Inglis Gundry (8 May 1905 – 13 April 2000) was an English composer, novelist, musicologist, music pedagogue and writer. He is particularly remembered for his operas and for his numerous books; not only on music, but on a broad array of historical subjects. For five decades he lectured on music appreciation for WEA London and also taught on the music faculties at the University of Cambridge, the University of London, and the University of Surrey.

Life and career
Born in Wimbledon to parents of Cornish descent, Gundry had a passion for Cornish culture and played an instrumental role in preserving Cornish folk songs and carols with the publication of Canow Kernow: Songs and Dances of Cornwall (1966). He had previously been named a bard of the Gorsedh Kernow in 1952.

Gundry was educated at Rokeby and Mill Hill School, where he was scholar. Following this, Gundry studied classics and philosophy at Balliol College, Oxford, law at Middle Temple, and worked for a few years as a barrister before pursuing music studies at the Royal College of Music in 1935 where he was a pupil of Gordon Jacob (orchestration), R. O. Morris (counterpoint), and Ralph Vaughan Williams (composition). He achieved his first success as a composer in 1936 when his String Quartet was awarded the Cobbett Prize. His first of several novels, The Countess' Penny, was published in 1934.

In 1938 Gundry wrote his first opera Naaman, The Leprosy of War which remains unperformed. He went on to write 12 more operas, including The Logan Rock which premiered at the Minack Theatre on the cliffs at Porthcurno in 1956 with mezzo Edith Coates and conductor Marcus Dods. His eighth opera The Prince of Coxcombs won Morley College's opera composition contest in 1960. His final opera, Galileo, was written in 1996. Gundry became friendly with another Cornish composer of operas, William Lewarne Harris.

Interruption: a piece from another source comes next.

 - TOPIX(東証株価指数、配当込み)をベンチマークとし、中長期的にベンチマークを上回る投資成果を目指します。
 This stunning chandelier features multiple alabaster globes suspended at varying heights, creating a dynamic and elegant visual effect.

Gundry served in the Royal Navy during the Second World War and survived the torpedoing of  on 1 February 1943. Later that year his orchestral suite Heyday Freedom from his opera Return of Odysseus was featured in a performance at The Proms. After the war, he worked as music advisor to the Admiralty's education department and edited The Naval Songbook. His London address during the 1950s was 11, Winterstoke Gardens, N.W.7.

During the second half of his life, Gundry became a committed Christian with what he described as "growing conviction". This interest informed some of his activities as both a writer and musician. In 1960 he co-founded the Sacred Music Drama Society in London with whom he conducted concerts of medieval dramas at Easter and Christmas into the 1980s. His last book, Composers by the Grace of God (1998), examined the role that Christianity played in the lives of many of Western music's greatest composers.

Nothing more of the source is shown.